Actually it is defined and you can measure it and it totally works.
It’s the key size plus the value size.
From the MDN:

Name Description Value in bytes
Maximum total size The maximum total amount of data that each extension is allowed to store in the sync storage area, as measured by the JSON stringification of every value plus every key’s length. 102400
Maximum item size The maximum size of any one item that each extension is allowed to store in the sync storage area, as measured by the JSON stringification of the item’s value plus the length of its key. 8192
Maximum number of items The maximum number of items that each extension is allowed to store in the sync storage area. 512

Test it in your console:

await browser.storage.sync.set({t: 555})
await browser.storage.sync.getBytesInUse()

Will give you 4 bytes because it’s 4 characters. Same in Firefox and Chrome.

1 Like

Based on the documentation I am confused about this then:

EDIT: oh, it’s counting the quotes from the JSON stringification, thus numbers are more efficient. Got it.

You may be interested in base85 then… https://stackoverflow.com/questions/1443158/binary-data-in-json-string-something-better-than-base64

1 Like

Thank you Martin! That helped :slight_smile:.
So this is actually much harder than I thought. But luckily there are some smart people implementing useful libraries, like base-x which can convert to any base. And based on the StackOverflow post, there are 94 characters that can be represented by single byte in JSON.

I’ve just finished testing it and it does seems to work nice with the following alphabet:

0123456789ABCDEFGHIJKLMNOPQRSTUVWXYZabcdefghijklmnopqrstuvwxyz~_!$()+,;@.:=^*?&<>[]{}%#|`/\u007f '-

I’ve found it here as Base95:

0123456789ABCDEFGHIJKLMNOPQRSTUVWXYZabcdefghijklmnopqrstuvwxyz~_!$()+,;@.:=^*?&<>[]{}%#|`/\ "'- 

But to make it compatible with JSON I’ve removed " with \ and added “DEL” character - “\u007f”.

To test it, I’ve run:

await browser.storage.sync.set({t: "0123456789ABCDEFGHIJKLMNOPQRSTUVWXYZabcdefghijklmnopqrstuvwxyz~_!$()+,;@.:=^*?&<>[]{}%#|`/\u007f '-"})
await browser.storage.sync.getBytesInUse()
// 97 bytes = 1 key + 2 apostrophes + 94 characters :)

So if I’m right, this is the most efficient way to store data in storage.sync :slight_smile:.
…but it’s extremely slow, it takes like 5 seconds to encode 50KB of data :frowning: .

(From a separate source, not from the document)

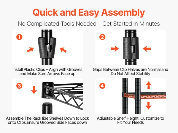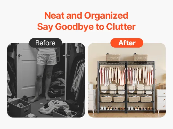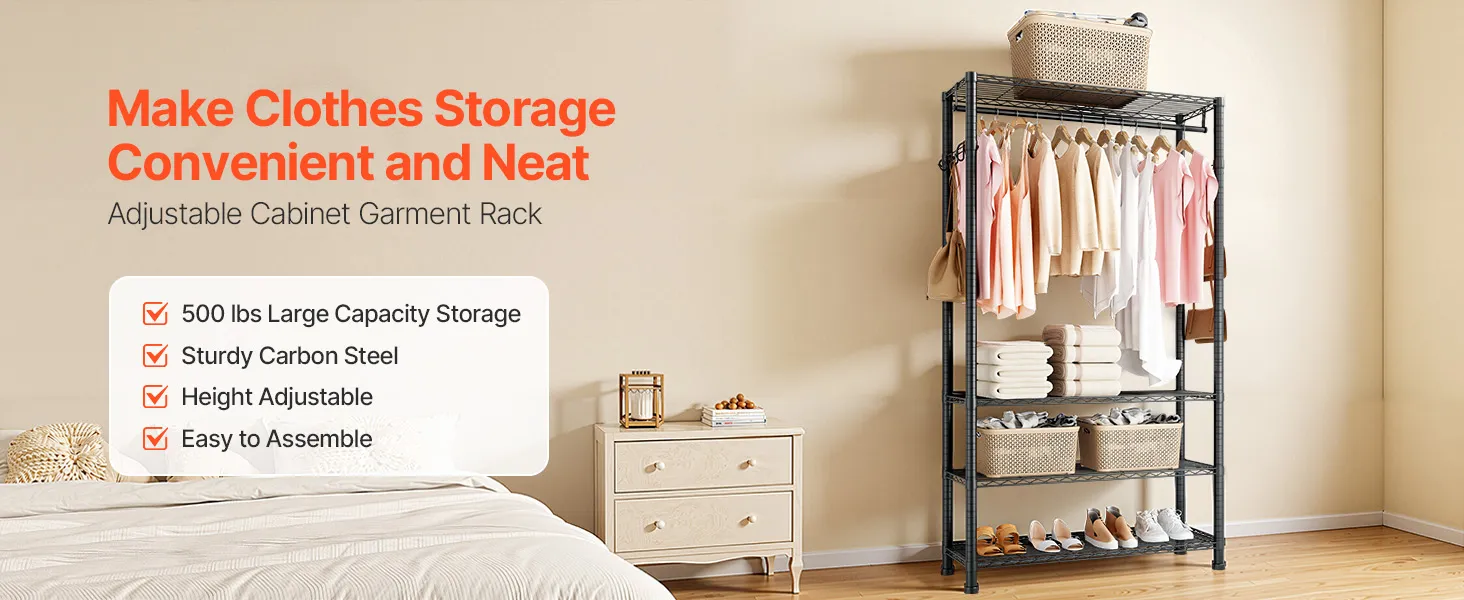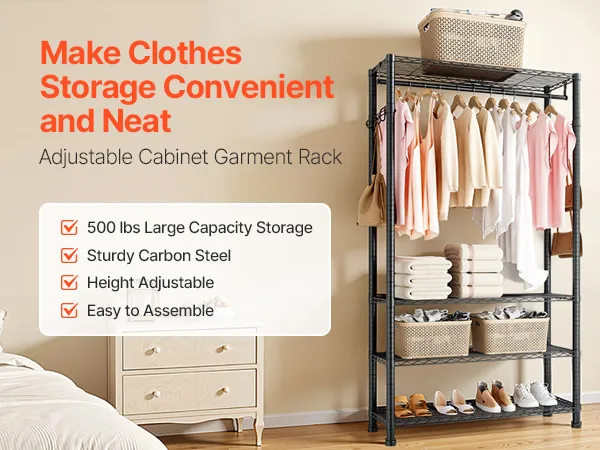 This clothing garment rack provides ample storage and is made of heavy-duty carbon steel for durability. Shelves are height-adjustable to fit clothing of different sizes, offering flexible storage. Quick and tool-free assembly makes organizing your space easy and efficient.
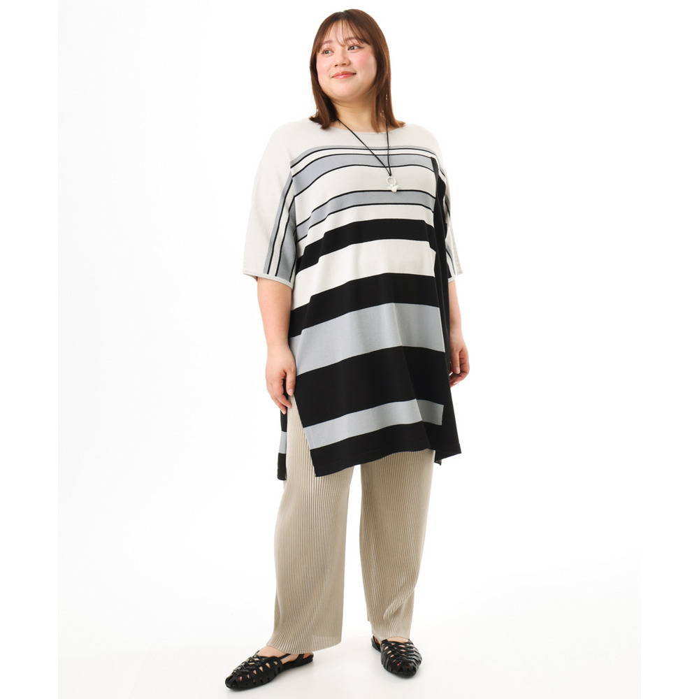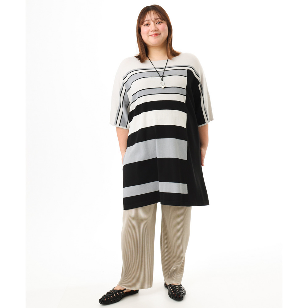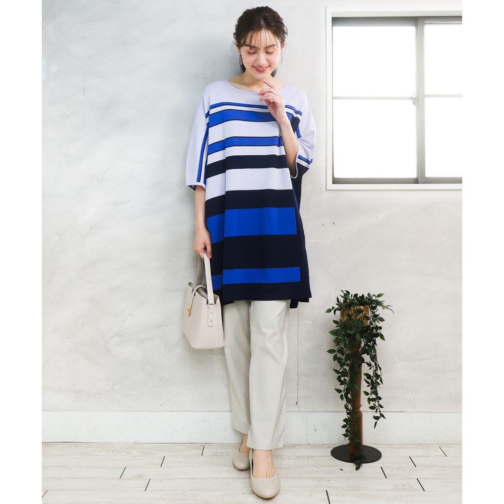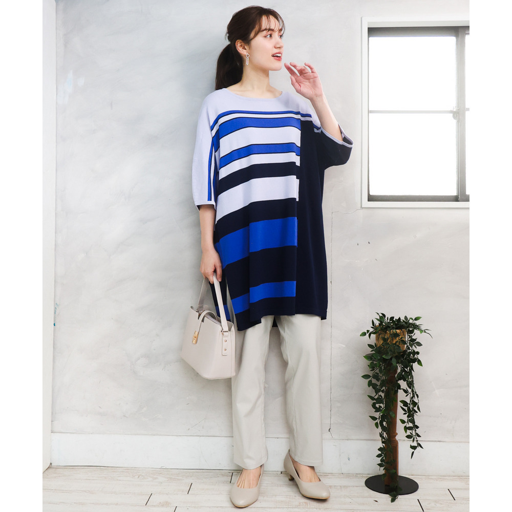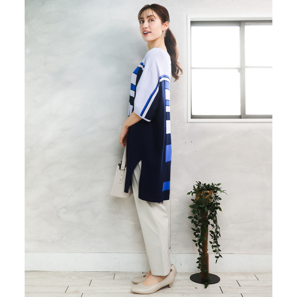 気になる二の腕をカバーしてくれる袖丈と、ヒップ周りをさりげなくカバーするチュニック丈で、リラックス感のある着こなしに。

But anyway I’ve just saved 30KB just by changing encoding, so I’m super happy! And with the LZMA compression I can now store 160KB of data as 50KB which fits into storage.sync! (well, after you chunk it to <8KB pieces). With so many operations involved I’m actually surprised it works :smiley:.

EDIT:
So after tracking a strange bug in Chrome I just found out that somehow (Chrome only!) "<" character is encoded with 5 bytes, not 1 :frowning:.
I’ve actually wrote an algorithm that goes through first 256 characters and tries to store each one to see how it goes and yes, there is 93 of them in this order:

" !#$%&'()*+,-./0123456789:;=>?@ABCDEFGHIJKLMNOPQRSTUVWXYZ[]^_`abcdefghijklmnopqrstuvwxyz{|}~\u007f"

EDIT 2:
Bug reported to Chromium. It seems to be part of XSS protection.